Arts doyenne Arlene Schnitzer, who died in 2020, left her mark on the visual arts in Portland in significant ways, among them an endowed prize offered to art and design students at Portland State University. Johanna Houska, who received her Bachelor of Fine Arts degree in Art Practice in 2022, is a textile and garment designer who espouses radically responsible production methods (for an industry that historically doesn’t). Shelbie Loomis, who received a Master of Fine Arts degree in Art + Social Practice in 2022, creates socially engaged work with communities on the gentrifying Jantzen Island. And Nia Musiba, a Bachelor of Fine Arts candidate in Graphic Design, has a multidisciplinary practice that includes public art, such as a massive new mural in Portland’s Eastside Industrial District.

Feb. 28-April 29, Jordan Schnitzer Museum of Art at PSU, 1855 S.W. Broadway; pdx.edu/museum-of-art or 503-725-8013.

A view of an artist's workspace.

D.E. May

Ephemera was the raw material of D.E. May’s meticulous found object work. Since his death in 2019, his gallery, PDX Contemporary Art, has overseen the ongoing process of archiving his work and the materials that went into it. May, who rarely left Salem for any length of time, called his workspace there the Regionaire’s Club. Gallery owner Jane Beebe described it as like walking into one of May’s artworks. As the gallery continues its archival project, it will show new finds in an exhibition in its light and airy Quonset hut in Slabtown.

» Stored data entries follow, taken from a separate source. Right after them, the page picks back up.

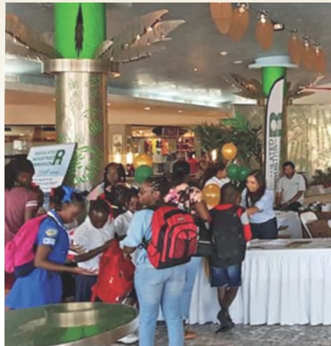
The RIC was able to interact with a group of Girl Scouts who were eager to take informational brochures back to their parents and of course get some exciting promotional items for themselves.

Four staff members from the RIC manned the booth; the Corporate Communications Manager, Corporate Communications Assistant, a Customer Service Officer and the Human Resources Assistant, all of whom interacted with the public and disseminated information through the distribution of promotional items and RIC brochures, as well as through face-to-face discussions. Visitors to the booth also had the opportunity to lodge complaints and have their questions answered by a Customer Service Officer of the RIC.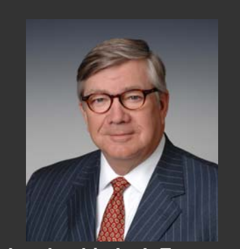
Leadership Isn't Easy

How often have you heard "leaders are made not born," but what goes into "making" a leader? Leadership isn't easy, but with a personal commitment & perseverance, you can start down the road to being an effective leader. This session will present ideas to help you improve as a leader or begin the journey toward developing effective leadership skills.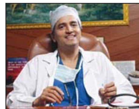
A man with a Mission

A philanthropist and a renowned cardiac surgeon, Dr Devi Prasad Shetty has earned fame across India and the world. His achievements include being the first heart surgeon in India to perform neo-natal open-heart surgery, first surgeon in India to use an artificial heart and many others. Dr. Shetty has brought down the cost of many complicated heart surgeries, bringing them within the reach of the common people.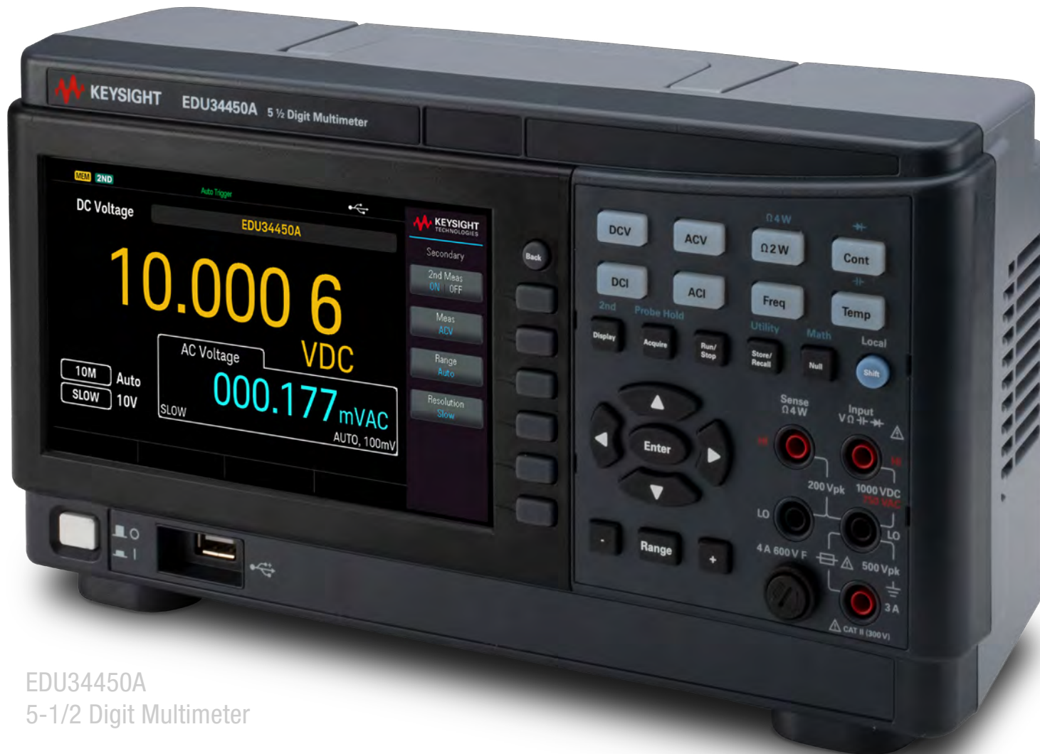
EDU34450A 5-1/2 Digit Multimeter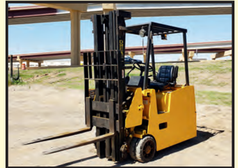
DOOSAN 5,000-LB. BASE CAP. LPG FORKLIFT

In Salem, May’s studio may be open by appointment during the run of the show.

March 1-31, PDX Contemporary Art, 1825B N.W. Vaughn St.; pdxcontemporaryart.com or 503-222-0063.

An abstract painting of a highway.

Whitney E. Nye

Whitney Nye’s work follows what she’s drawn to at the time. Over the past 18 months, she has worked in a sublet studio in New York City’s garment district. The long stretch of unfettered time allowed her to develop three different bodies of work: large pieces painted from above that explore both gesture and pigments; a series composed of paintings done in central Oregon during the pandemic that she then ripped up and pinned and sewed into large collaged panels; and a series of more representational work that uses photos taken from a car on recent road trips as the basis for collages made from prints, maps and other paper from her flat files. Her solo exhibition will include pieces from at least two of these.

March 2-April 1, Russo Lee Gallery, 805 N.W. 21st Ave.; russoleegallery.com or 503-226-2754.